Messenger RNA (mRNA) vaccine technology protects against
infectious diseases by instructing cells in the body to make a
specific protein, stimulating the immune response, and leaving a
blueprint to recognize and fight future infection. However, sa-mRNA
also provides the body with instruction to make copies of the mRNA,
amplifying the amount of protein made. This advanced technology has
shown the potential to offer longer duration of immune response at
considerably lower doses compared to conventional mRNA
vaccines.
“Current mRNA technologies provide effective initial
immunogenicity against COVID-19, but the results of this study show
that our sa-mRNA vaccine platform can offer improvements in
duration and breadth of protection against new and emerging
variants,” said Igor Smolenov, Chief Development Officer, Arcturus.
“We are proud of the role Arcturus has played, collaborating with
CSL, in advancing sa-mRNA vaccine development.”
CSL’s vaccine business, CSL Seqirus, is Arcturus’ global
exclusive partner for the development of novel mRNA vaccines
against SARS-CoV-2 (COVID-19), influenza and pandemic preparedness.
CSL has a dynamic portfolio of lifesaving medicines, including
those that treat hemophilia, hereditary angioedema (HAE) and immune
deficiencies, vaccines to prevent influenza, and therapies in iron
deficiency and nephrology.
“We are encouraged by the findings of the study, indicating the
sa-mRNA platform’s potential to solve the challenge of mRNA vaccine
waning immunity over time, and thereby provide prolonged protection
at lower doses,” said Esther Heijnen, M.D., Vice President,
Clinical Development, Vaccines Innovation Unit, CSL. “Our
collaboration with Arcturus on advanced mRNA vaccines is another
example of CSL’s relentless pursuit of disruptive innovation when
public health and patients can benefit.”
Study Design and Results
For this phase 1/2 randomized, observer-blind study conducted in
the US and Singapore, 36 adults previously immunized with approved
COVID-19 mRNA vaccines as a primary series were recruited.
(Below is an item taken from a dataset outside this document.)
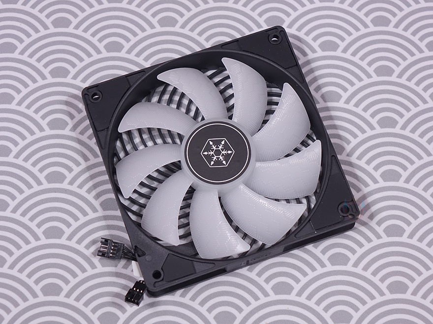그리고, 팬 모서리 부근에는 나사-홀 처리와 함께 주변에 진동소음을 줄이도록 방진패드를 기본 부착하고 있으며, 모서리 한쪽에는 실버스톤 Air Penetrator/Shark Force/Slimmer ARGB 팬에서 볼 수 있는 FAN 케이블과 ARGB 케이블이 연결되는 분리형 커넥터를 확인할 수 있습니다. 또한, 팬 후면에는 Air Penetrator의 특징인 에어 채널링(Air channeling) 그릴 디자인을 확인할 수 있죠. 이런 실버스톤의 에어 채널링 그릴 디자인은 이미 잘 알려진 대로 유입된 공기가 후면으로 빠질 때 분산되지 않고 집중되도록 해주며 더 멀리 전달되도록 해줍니다.

Participants were randomized 1:1:1 to receive one booster dose on
Day 1 of either the ARCT-021, ARCT-154, or ARCT-165 vaccines, all
of which encode the SARS-CoV-2 full-length S glycoprotein of,
respectively, the ancestral strain in native conformation, a
prefusion-stabilized B.1 variant including the D614G mutation, or
the Beta variant. Immunogenicity was assessed as neutralizing
antibody titers against the SARS-CoV-2 D614G strain, and a panel of
SARS-CoV-2 variants measured by pseudoviral microneutralization
assay on Days 1, 15, 29, 91, 181, 271, and 366. Solicited adverse
events (AE) were assessed up to 7 days, unsolicited AEs up to 28
days, and serious AEs up to 366 days after vaccination.
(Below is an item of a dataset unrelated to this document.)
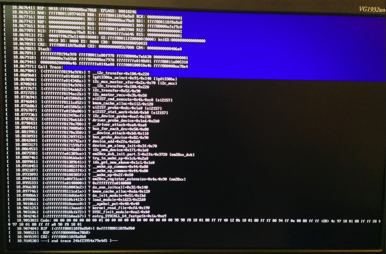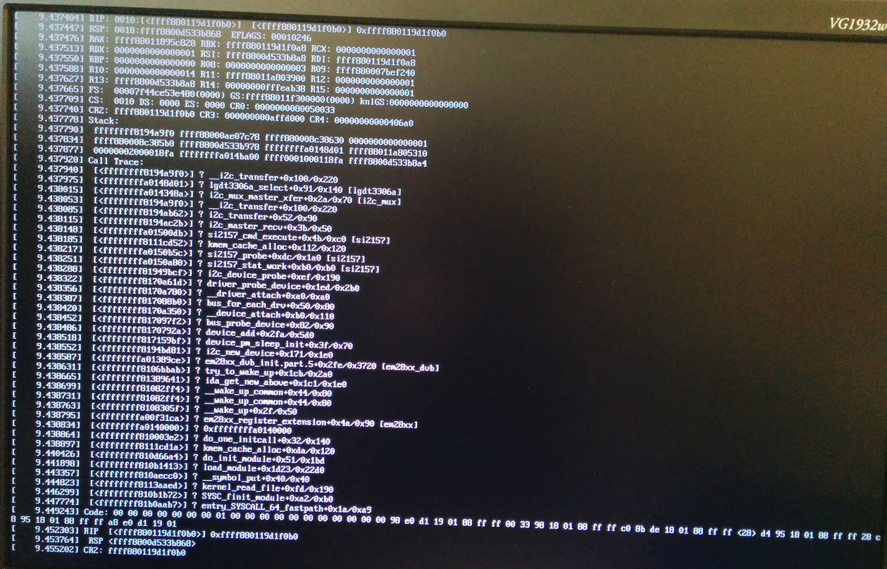 [ 9.051483] Modules linked in: si2157(O) lgdt3306a(O) i2c_mux em28xx_dvb(O+) dvb_core(O) snd_hda_codec_hdmi snd_hda_codec_realtek snd_hda_codec_generic em28xx(O) v4l2_common(O) tveeprom(O) videodev(O) snd_hda_intel snd_hda_codec intel_powerclamp snd_hda_core intel_rapl snd_hwdep nuvoton_cir(O) rc_core(O)

All three vaccines induced robust neutralizing immune response
against the D614G variant at Day 29 with geometric mean fold rises
(GMFR) from pre-booster levels of 20.0, 36.7 and 23.5 after
ARCT-021, ARCT-154, and ARCT-165, respectively. ARCT-154, a leading
candidate, induced a broad, cross-neutralizing immune response,
which persisted up to one-year post-booster with no further
boosting. Similar trends were observed for other SARS-CoV-2
variants including Beta, Delta, Omicron BA.1, Omicron BA.2, and
Omicron BA.4/5. Additional exploratory testing confirmed
cross-neutralization against emergent BQ.1.1 and XBB.1.5 Omicron
sub-lineages with GMFRs of 12.8 and 3.4, respectively, at Day 29
post-booster. Adverse events were mild or moderate and resolved
quickly, and rates of related or severe AEs were low.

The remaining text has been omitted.